Urbanize recently dug into figures from the National Transit Database and other sources to determine exactly how expensive it is to run Los Angeles’s Metro Rail system vs. similar transportation options in cities around the country and the world.

As it ends up, LA is among the most expensive to operate both nationally and worldwide.

The numbers show that the young (27-year old) rail system costs $19 per mile to operate, and $395 per hour. Comparatively, the Bay Area’s BART costs $8 per mile, though $300 per hour. Chicago’s L is $8 per mile as well, but just $145 per hour. The only system to cost more money is PATH, which runs from New York to Jersey City, costing $30 per mile and $595 per hour to run.
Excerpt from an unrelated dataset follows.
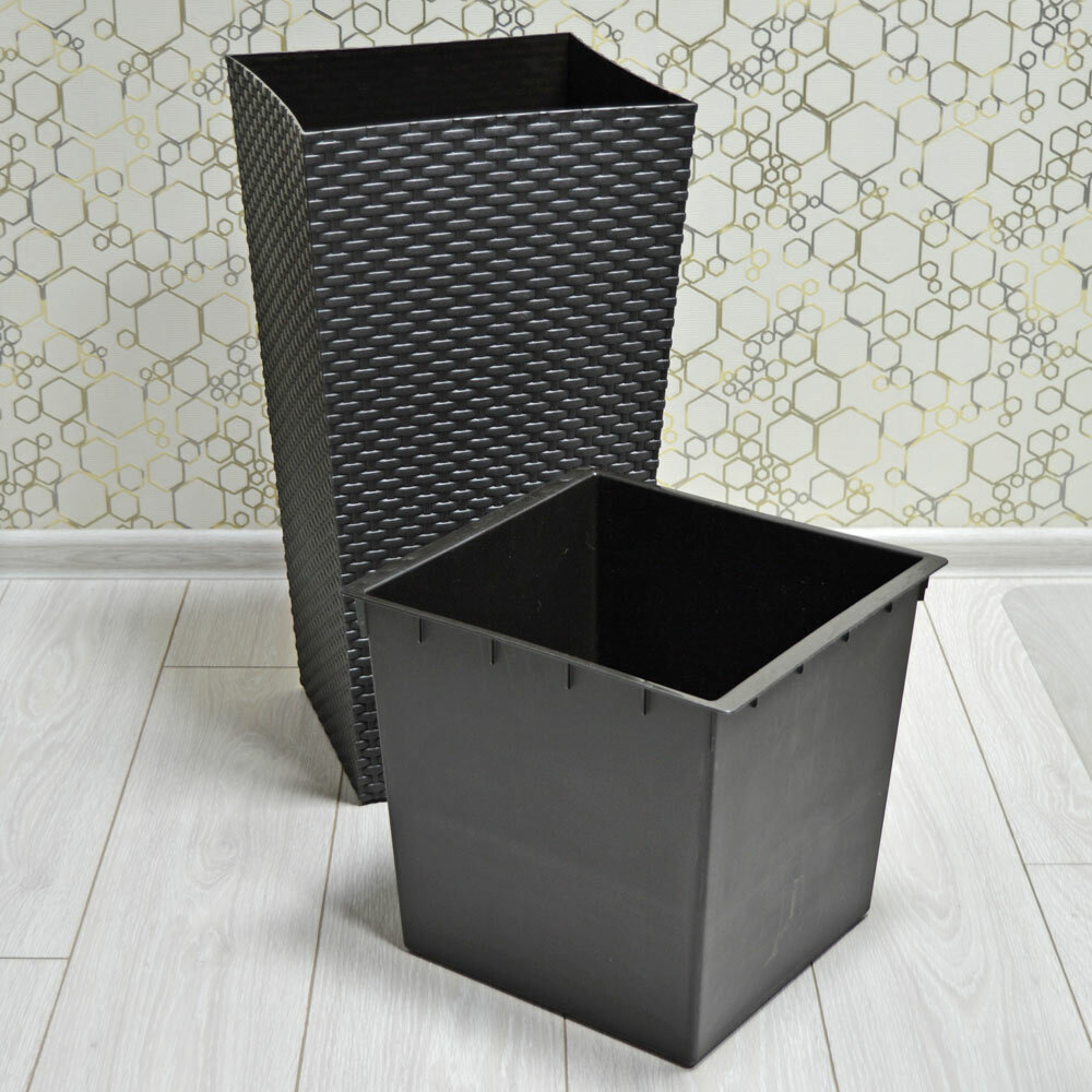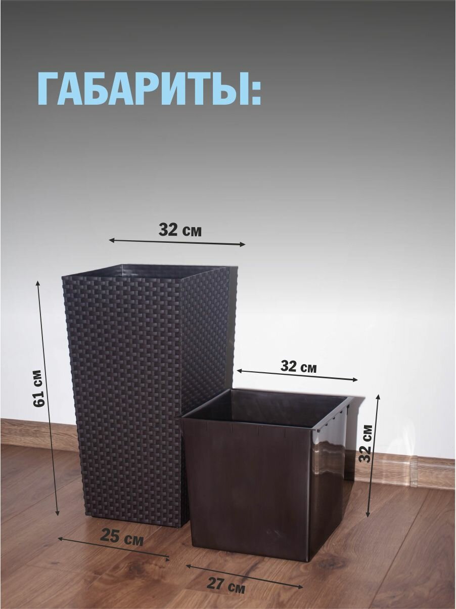 Кашпо напольное "Ротанг" 340х320х615мм (со вставкой)(мокко) 27/47л. М8848 Пластмасса альтернатива
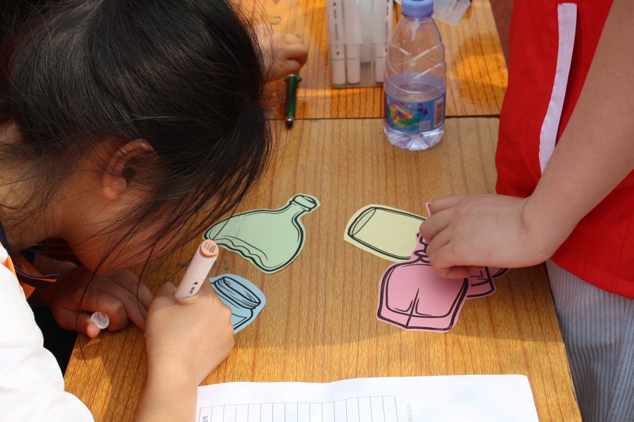 在志愿者帮助下完成漂流瓶制作,同学们在瓶中写下自己独特的放松方式。

This glaring issue of cost to the city only begins to scratch the surface of public transportation woes in LA as well. Metro ridership is down nearly 19 percent over the last four years, which isn’t going to help offset those high operational budgets. Recent rail line expansion projects have connected expansive outposts of the system, but that only serves to potentially increase the cost of operation as well.

With one of the nation’s largest counties by square mileage, the distance factor is one that would drive up costs, but ultimately can’t be reconciled with in LA. The proposed Link US project is one way that LA could at least improve efficiency and potentially increase to more local stops as well.